Overview

In previous lessons, you learned about assets, how to connect assets to represent a data pipeline, and how to start a run that materializes the assets.

Dagster’s role is to be the single pane of glass across all data pipelines in an organization. To make this possible, Dagster needs to know about the services and systems used in your data pipelines, such as cloud storage or a data warehouse. In this lesson, we’ll show you how to accomplish this using software engineering best practices.

With this in mind, the best practice we’ll focus on in this lesson is called Don’t Repeat Yourself, or DRY for short. This principle recommends that engineers do something once and only once, thereby reducing duplication and redundancy. By being intentional and writing DRY code, you can reduce the number of bugs, increase the ability to understand the project’s codebase, and improve observability over how logic and functionality are used.
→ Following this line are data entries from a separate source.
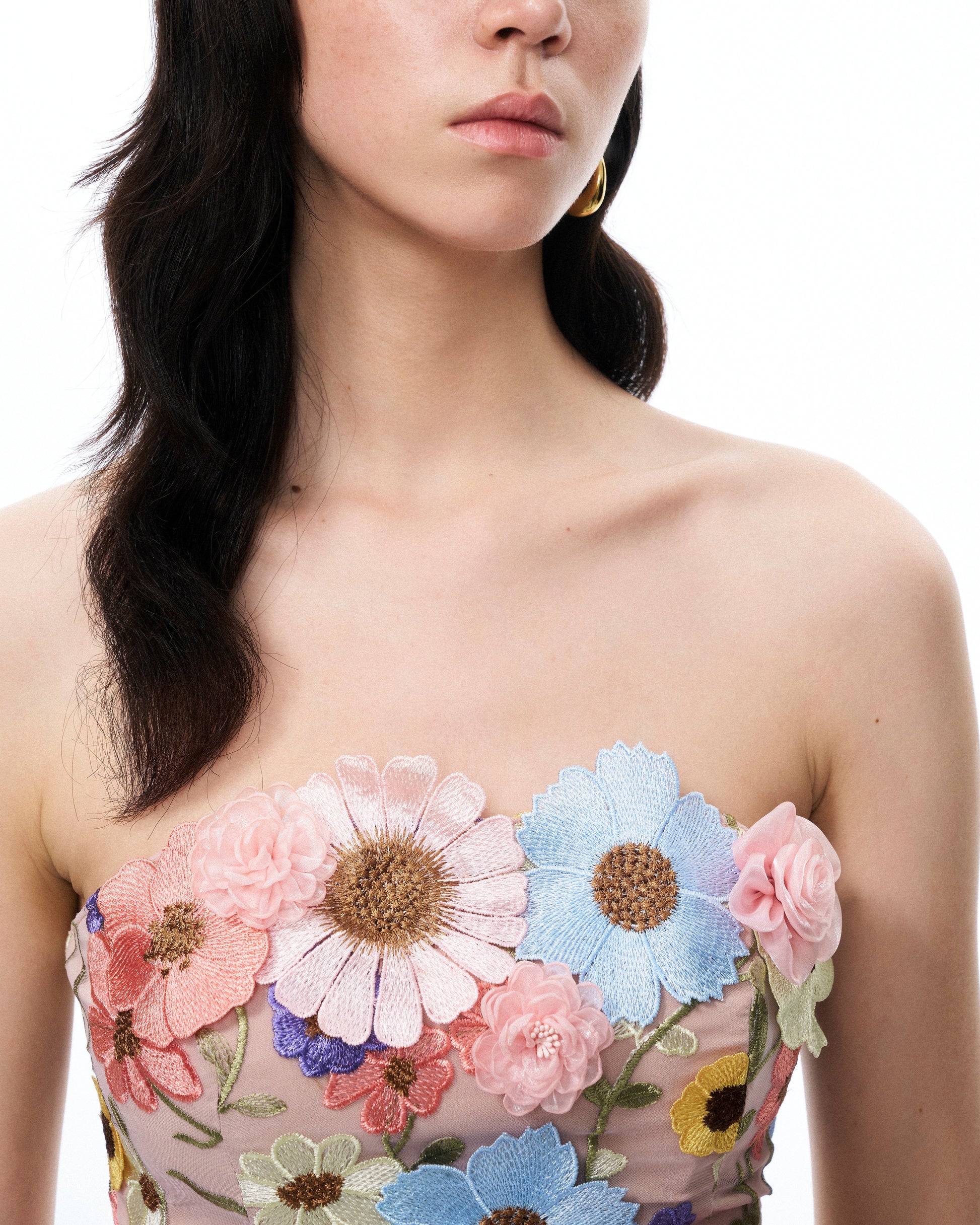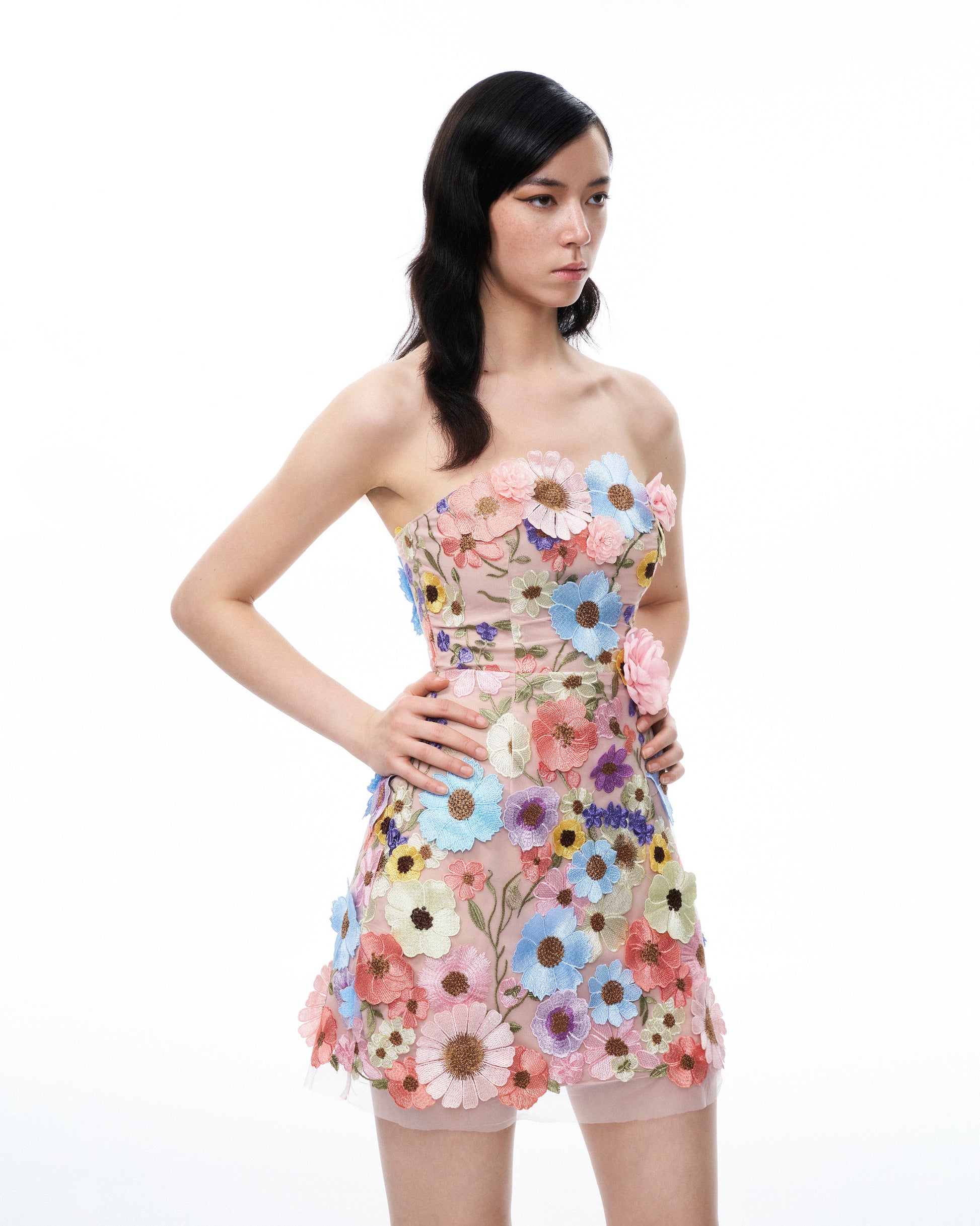 Odalys フローラル刺繍ミニドレス - パステルマルチ
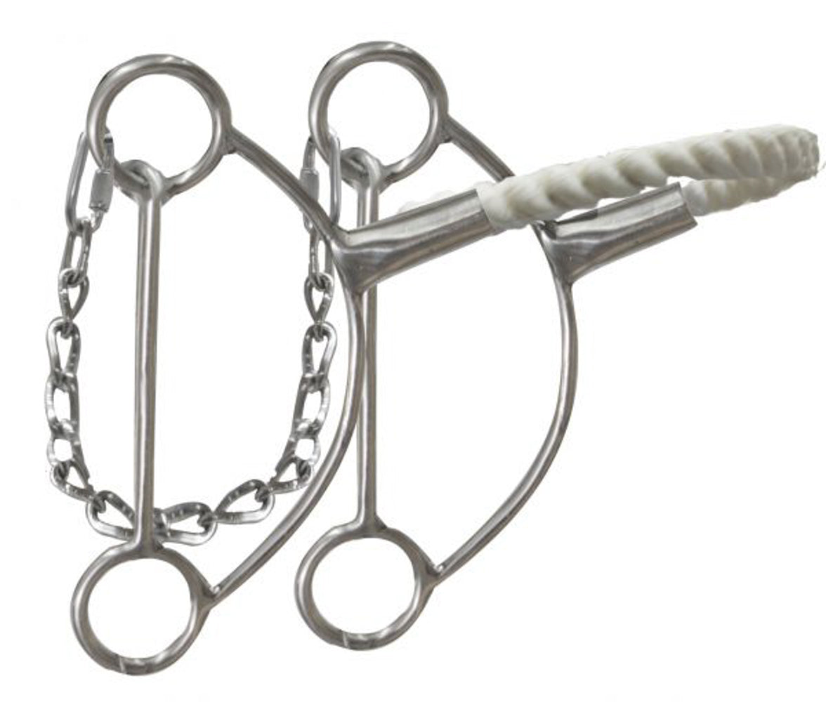 PRODUCT DESCRIPTION: Showman® Stainless Steel Hackamore with Wax-Coated Twisted Rope Noseband
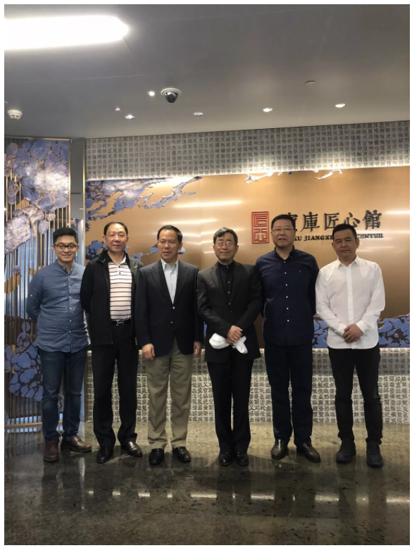 余秋雨(右三)和宝库匠心馆馆长叶柏风(右二)等人合影
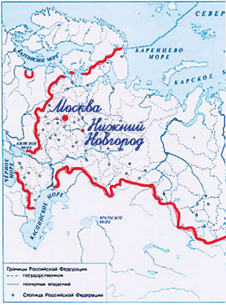 б) отмечаем (обводим красным карандашом) и подписываем столицу России;

Another way Dagster embraces software engineering best practices is by enabling testing in development. Developing and changing pipelines get more daunting as complexity increases. Testing in development and having a place to test changes is critical to building confidence in the code before it gets to production. This has been a challenge in data engineering with the code and environments tightly coupled.

In Dagster, connections to databases can be swapped with local databases and external connections can be represented differently for each environment. A replica of a production environment can be modeled and used in development to take the guessing out of building and making changes to your pipelines.